Or s’il résulte des explications de l’URSSAF et de la lecture de la contrainte ainsi que du document du 14 janvier 2025 intitulé « Consultation des encaissements » que le chèque encaissé le 21 novembre 2023 a bien été imputé sur les cotisations prévisionnelles de 2022 du régime général (2 993 euros et 949 euros), le virement du 8 novembre 2023 est déclaré sur ce même document imputé sur « 2022 RG T2 » et « RG C », respectivement pour 174 euros et 3 055 euros. RG C peut s’analyser en « régime complémentaire », ce qui correspond au montant de 3 055 euros appelé à la contrainte.
Les écritures de l’URSSAF n’apportent pas d’éclaircissements.

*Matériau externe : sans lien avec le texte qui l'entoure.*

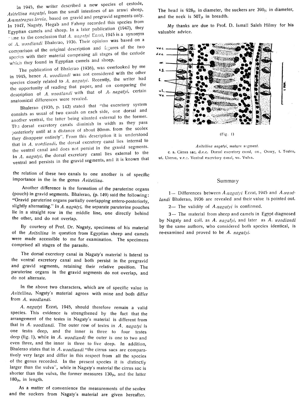 Ezzat, M. A. E. 1951. On the validity of Avitellina nagatyi Ezzat, 1945. The Journal of the Egyptian Medical Association 34: 206-209. (5738) Download PDF |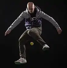 Martin Sladek performing Double Leg Over footbag trick in atelier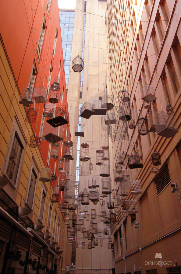 Though first commissioned as part of the City's 2009 temporary laneway art program, the artwork proved to be so popular that visitors and city dwellers requested for it to remain as a permanent public installation. The public outcry led to 180 new rustproof cages to be re-installed with 10 speakers that play the sweet songs of 50 bird species. As a nice touch, the names of the birds that once populated the area are engraved on the paved stones beneath the cages.

Il convient donc de déduire la somme de 3 055 euros versée, des sommes dues au titre de la contrainte litigieuse.
La somme de 174 euros mentionnée dans le relevé des encaissements ne figure pas à la contrainte ni à la mise en demeure ; elle sera donc déduite du montant restant dû au titre de la contrainte.
Au vu des explications produites par l’Urssaf concernant le régime applicable aux différentes cotisations des professions libérales et le calcul des cotisations réclamées, il convient donc de valider la contrainte établie le 11 mars 2024, dans la limite des sommes non déjà acquittées à savoir le montant de 3 798,15 – 3055 – 174 = 569,15 euros, uniquement composés de majorations de retard.

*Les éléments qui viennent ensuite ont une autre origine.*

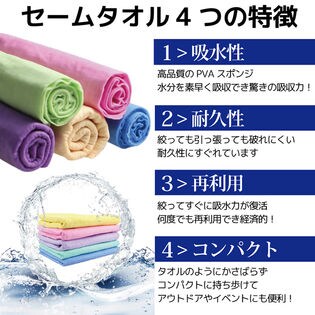 何度でも再利用できて経済的なセームタオルです。吸水性抜群で、様々なシーンで便利にご利用いただけます。タオルのようにかさばらず、コンパクトに持ち歩け、アウトドアやイベントにも便利です。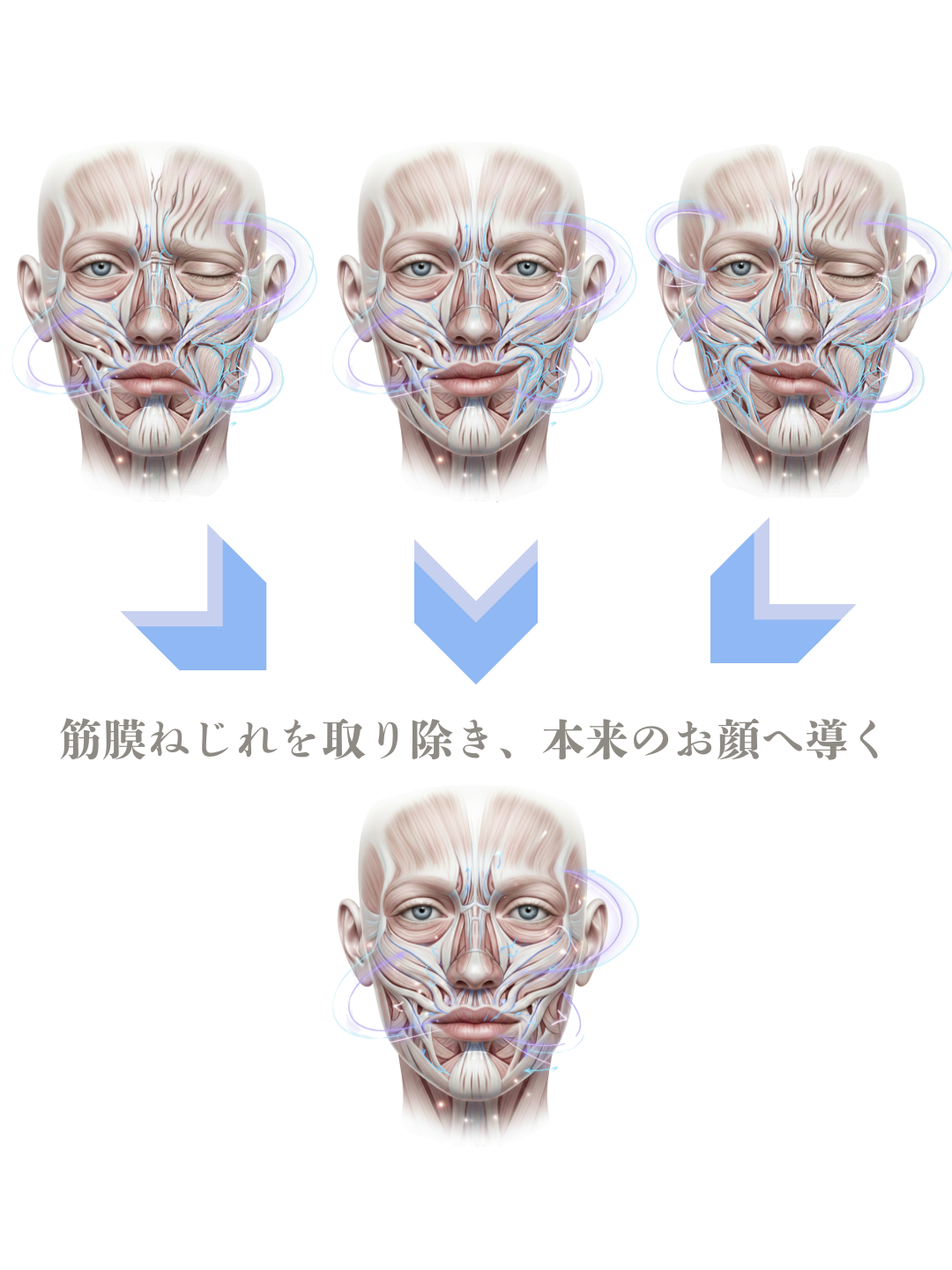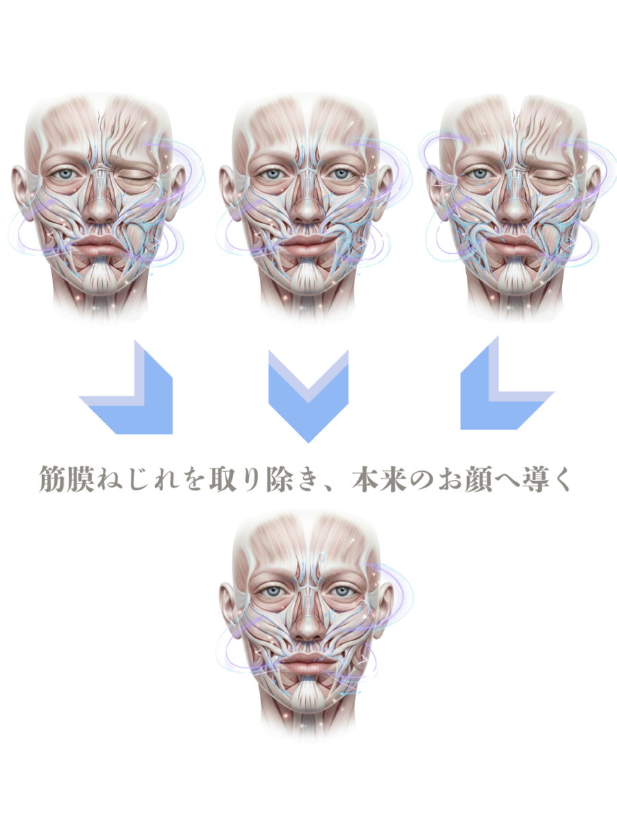 顔の左右差問題は「顔の筋膜のねじれ」から始まります。

L’opposant sera condamné au paiement de cette somme.
Sur la remise des majorations de retard,
L’article L. 256-4 du code de la sécurité sociale dispose : « Sauf en ce qui concerne les cotisations et majorations de retard, les créances des caisses nées de l’application de la législation de sécurité sociale, notamment dans des cas mentionnés aux articles L. 244-8, L. 374-1, L. 376-1 à L. 376-3, L. 452-2 à L. 452-5, L. 454-1 et L. 811-6, peuvent être réduites en cas de précarité de la situation du débiteur par décision motivée par la caisse ».

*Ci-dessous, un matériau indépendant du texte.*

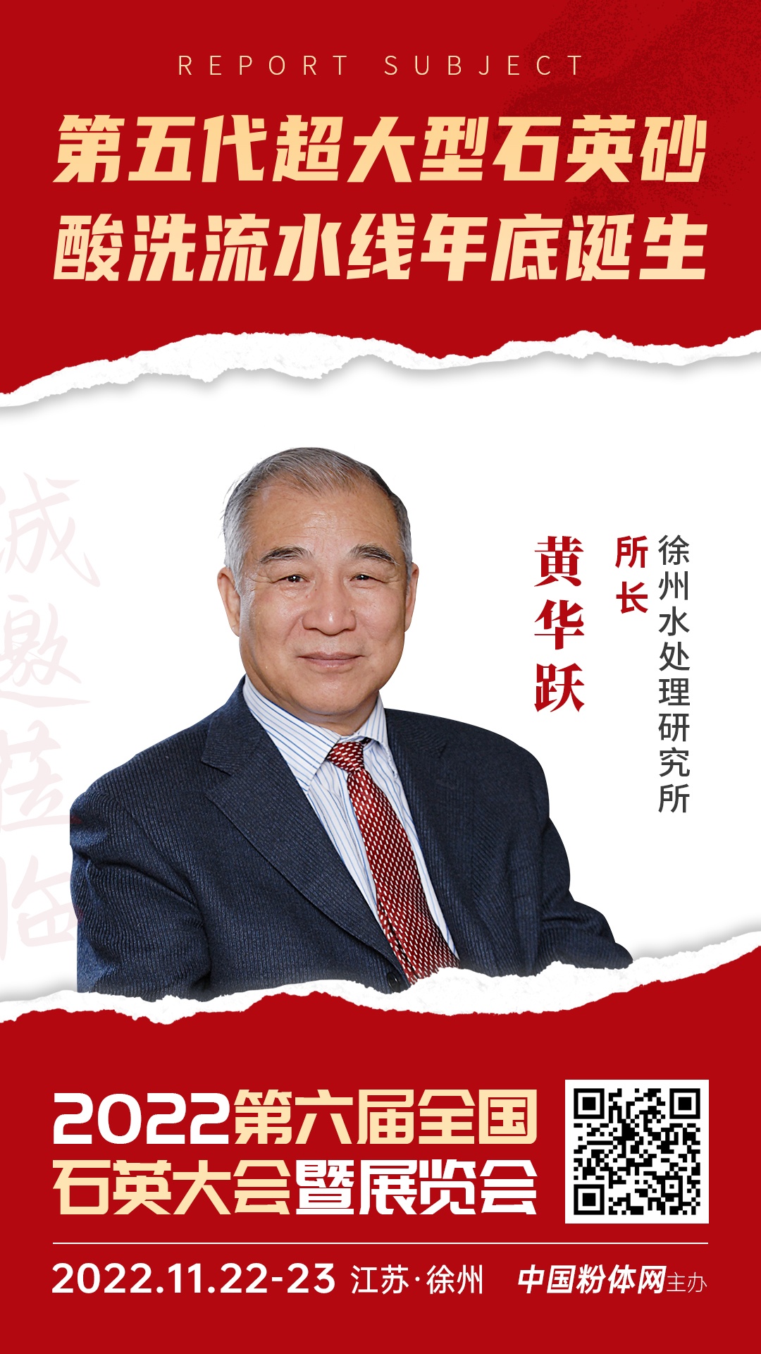 2022年11月22日至23日,中國粉體網(wǎng)將在江蘇徐州舉辦“2022第六屆全國石英大會暨展會”。屆時,來自徐州水處理研究所的黃華躍所長將做《第五代超大型石英砂酸洗流水線年底誕生》的報告,他將介紹徐州水處理研究所石英砂酸洗技術開發(fā)近十年來所取得的巨大進步,以及最新的第五代酸洗提純技術。

Il ressort de cette disposition que la juridiction ne dispose d’aucun pouvoir à cette fin et la demande de Monsieur [R] [C] doit dès lors être rejetée.
Sur les frais d’exécution
Aux termes de l’article R. 133-6 du code de la sécurité sociale, les frais de signification de la contrainte faite dans les conditions de l’article R. 133-3, ainsi que de tous actes de procédure nécessaires à son exécution, sont à la charge du débiteur, sauf lorsque l’opposition a été jugée fondée.
Aux termes de l’article L244-9 du code de la sécurité sociale, la contrainte décernée par le directeur d’un organisme de sécurité sociale pour le recouvrement des cotisations et majorations de retard comporte, à défaut d’opposition du débiteur devant le tribunal judiciaire spécialement désigné en application de l’article L. 211-16 du code de l’organisation judiciaire, dans les délais et selon des conditions fixés par décret, tous les effets d’un jugement et confère notamment le bénéfice de l’hypothèque judiciaire.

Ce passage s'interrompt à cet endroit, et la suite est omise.